Vallahi, daha önce o “barış” yemeğini yiyenlerin ülkenin başına ne işler açtığı ortada. Milletin karnı tok. Tekrar yemek isteyenlere de afiyet olsun!..

VALİ'NİN ADI NEREDEN GELİYOR?

Duruşuyla umutları yeniden yeşertip milletin gönlünde taht kuran Tunceli Valisi Bülent Tekbıyıkoğlu hakkında öğrendiğimiz yeni bir bilgiye gelelim.

Babası merhum Cemalettin Tekbıyıkoğlu’nun gazi bir polis olduğu biliniyor.

Öncesi var.

Baba Tekbıyıkoğlu 1974’teki Kıbrıs Barış Harekâtı’nda ihtiyat asker olarak görevlendirilmiş.

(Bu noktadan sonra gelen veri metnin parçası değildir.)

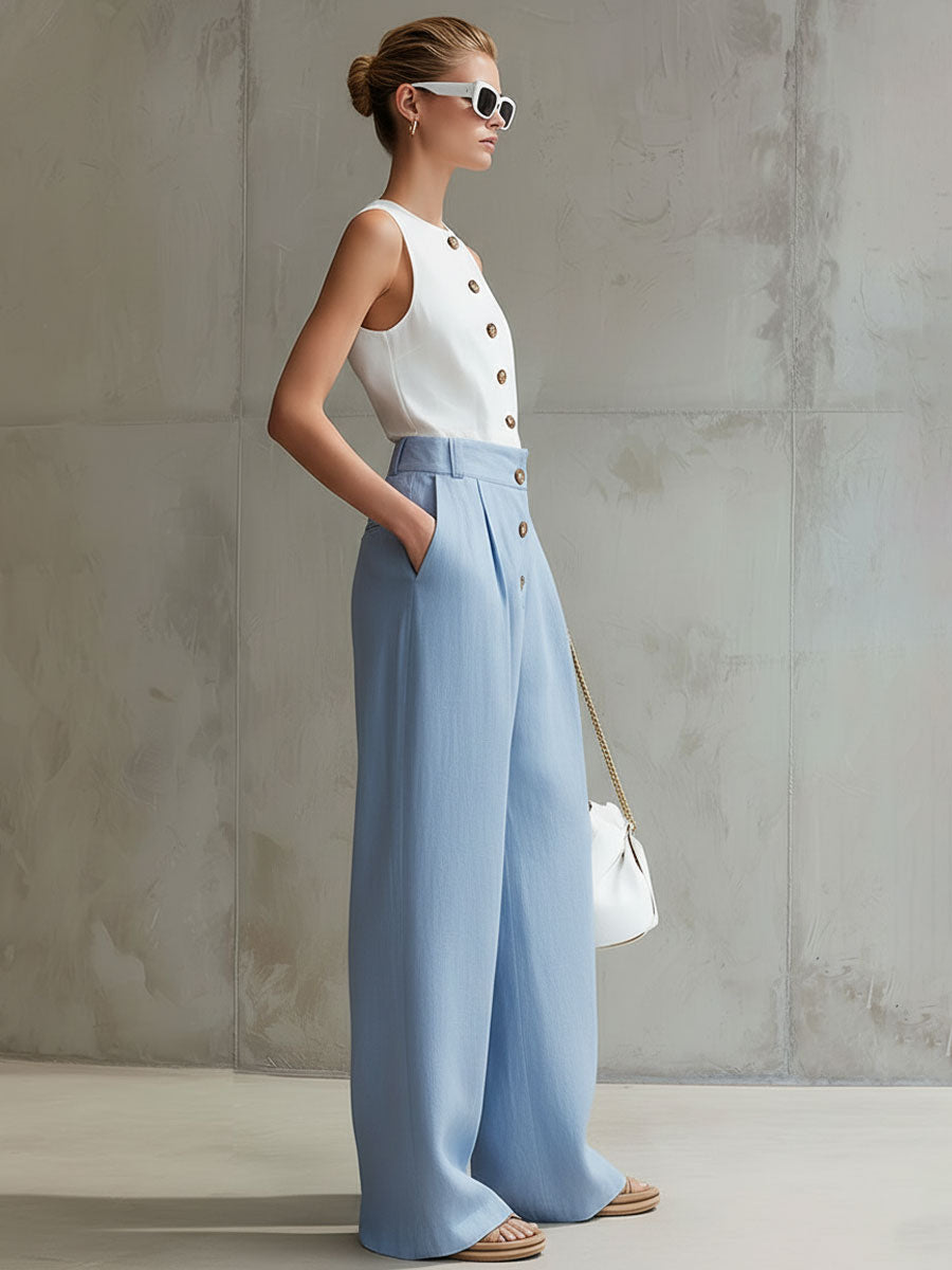 Stylish And Casual Sleeveless V-neck Button-down Top And Wide-leg Trousers Set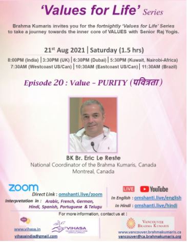 We extend our warm invitation for Episode # 20 of our fortnightly 'Values for Life' Series, with BK Brother Eric Le Reste, for a spiritual reflection on “PURITY”.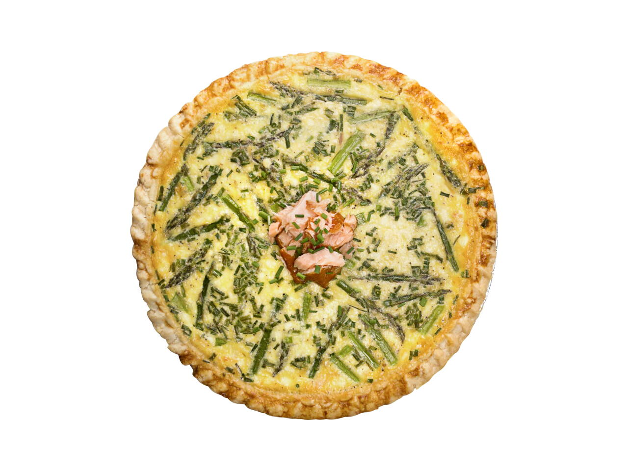 Top off the quiche with custard until the crust is full. You may have some leftover depending on the size of your crust. Careful not to fill too full. I recommend placing the quiche on a baking pan and into the oven before topping off the quiche with the custard to prevent spilling.

Kıbrıs Barış Harekâtı’mızdan o kadar etkilenmiş ki, çocuklarına Bülent ve Savaş adını vermiş.

Tahmin edeceğiniz üzere Bülent’i, dönemin Başbakanı merhum Bülent Ecevit’ten, Savaş’ı da harekâttan esinlenerek koymuş.

Böylesine milli bir duyarlılıktan gelen Vali Tekbıyıkoğlu’nun Tunceli’deki tavrı, “heyecan ve günlük kahramanlık” sayılacak, öyle mi?

Haydi oradan!..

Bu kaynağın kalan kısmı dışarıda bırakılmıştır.